To do: Copy out the full data exactly as given; pictures should not be included.

Dataset excerpt:
[Start of section]

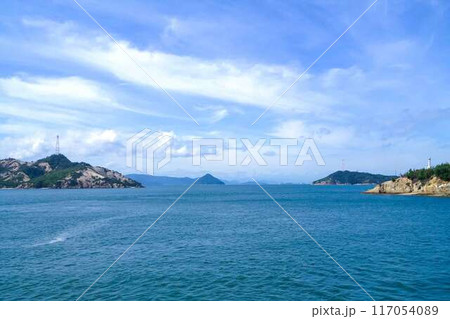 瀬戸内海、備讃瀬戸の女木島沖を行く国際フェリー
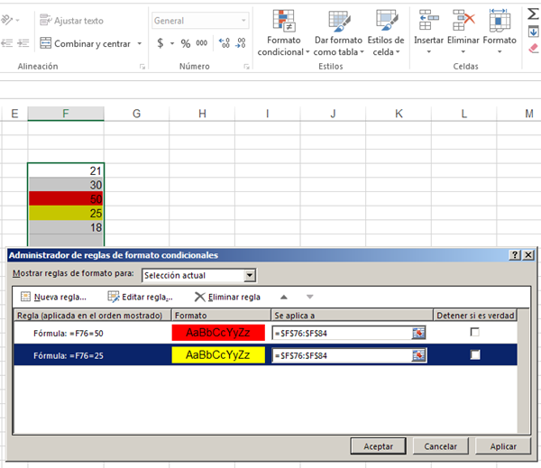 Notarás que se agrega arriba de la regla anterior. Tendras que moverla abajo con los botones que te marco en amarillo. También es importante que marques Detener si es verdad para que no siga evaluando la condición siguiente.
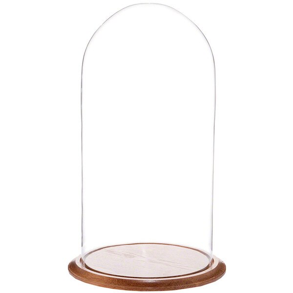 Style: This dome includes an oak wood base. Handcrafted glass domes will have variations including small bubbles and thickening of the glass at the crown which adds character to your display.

[End of section]

Completed exercise:
 瀬戸内海、備讃瀬戸の女木島沖を行く国際フェリー
 Notarás que se agrega arriba de la regla anterior. Tendras que moverla abajo con los botones que te marco en amarillo. También es importante que marques Detener si es verdad para que no siga evaluando la condición siguiente.
 Style: This dome includes an oak wood base. Handcrafted glass domes will have variations including small bubbles and thickening of the glass at the crown which adds character to your display.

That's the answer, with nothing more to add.